Ou seja, não há expressa proibição na legislação pátria, acerca da substituição da pena privativa de liberdade por restritiva de direitos, até pelo princípio da lei mais benigna, com escopo principalmente na novel Carta Magna que só repudia a inafiançabilidade e a insuscetibilidade de graça ou anistia, não havendo, deste modo, qualquer atrito, impedimento ou contrariedade ao ordenamento vigente, evidenciando, ainda, o princípio da reserva legal (art. 5º, XXXIX, CF/88), pois, tal benesse, deve ser interpretada teologicamente, buscando o fim maior da aplicação da pena que é a ressocialização, fazendo com que prevaleça o contido no art 1º da Lei nº 7.210/84: “proporcionar condições para a harmônica integração social do condenado…”

Trata-se de uma questão puramente lógica, ou seja, aplica-se uma pena atendendo aos requisitos estabelecidos na lei, a qual ficará adstrita, in casu, ao patamar de no máximo 4 (quatro) anos, restando plenamente possível, quer se trate de um crime “comum”, quer se trate de um crime dito hediondo, a concessão do instituto da substituição da pena privativa de liberdade por um pena restritiva de direitos.

Ademais, numa análise perfunctória, jamais poderia uma lei especial, como a lei dos crimes hediondos, tratar de um crime – tráfico ilícito de entorpecentes – já disciplinado por outra lei especial como é o caso da Lei de nº 6.368/76 e mais recentemente a Lei 10.409/02.

O festejado Beccaria, no século XVIII, já dizia que “parcelas de liberdade constituem o fundamento do direito de punir. Todo o exercício que deste fundamento se afaste constitui abuso e não justiça; é um poder de fato não de direito; constitui usurpação e jamais um poder legítimo”. (BECCARIA, Cesare. Dos delitos e das penas. São Paulo: Hemus, 1974. p. 30).

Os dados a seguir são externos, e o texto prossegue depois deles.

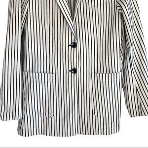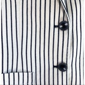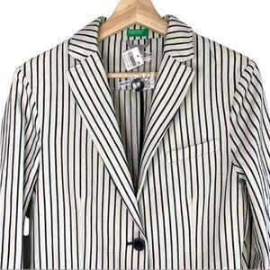 This is a United Colours of Benetton 100% Cotton Oversized Striped Blazer Size US 2/ 38 Pit to Pit 18” Shoulder to Hem 29” •. Black and Cream Colours • 100% Cotton • Slits on Cuffs and at Back • Pockets ^SO19

A jurisprudência dos nossos Tribunais já tem decido pela substitutividade, a saber: “EMENTA: PENAL E PROCESSO PENAL. SUBSTITUIÇÃO DE PENA PRIVATIVA DE LIBERDADE POR RESTRITIVA DE DIREITOS. CONCESSÃO. CRIME HEDIONDO. APLICABILIDADE DO PRINCÍPIO DA INDIVIDUALIZAÇÃO DA PENA E DA RETROATIVIDADE DA LEZ MITIOR. IMPROVIMENTO DO AGRAVO. DECISÃO UNÂNIME. Mesmo nos crimes hediondos é de se considerar o princípio da individualização da pena, ante seu sentido teológico, aliado à aplicação retroativa da lei mais benigna” (TJPE. 3ª Câmara criminal. Agravo de Execução Penal nº 0075908-2. Relator: Des. Ozael Rodrigues Veloso), mesmo sentido, STJ, HC nº 9.466-SP – DJU de 4-9-2000 , p.194, Resp. 67.570/SC, 6ª T, DJ 26-08-96, HC nº 8.772/RS, DJU 02-08-99, p.225.

Assim sendo, ante o tão importante e ainda “inexpressivo” movimento pela despenalização, também atendendo ao instituto da ressocialização, em respeito ao principio da individualização, da hermenêutica jurídica, da reserva legal, e nos moldes do art. 44 do CPB, considerando os requisitos subjetivos e objetivos do caso concreto, restando proferida sentença condenatória ao crime capitulado no art. 12 da Lei nº 6.368/76, não ultrapassar a pena quatro anos, deverá o magistrado substituí-la por uma restritiva de direitos, cumprindo, assim, uma jurisdição plena e trazendo à tona o maior fim da sua aplicabilidade que é a punição e a reintegração do condenado ao meio social do qual fora retirado ou afastado.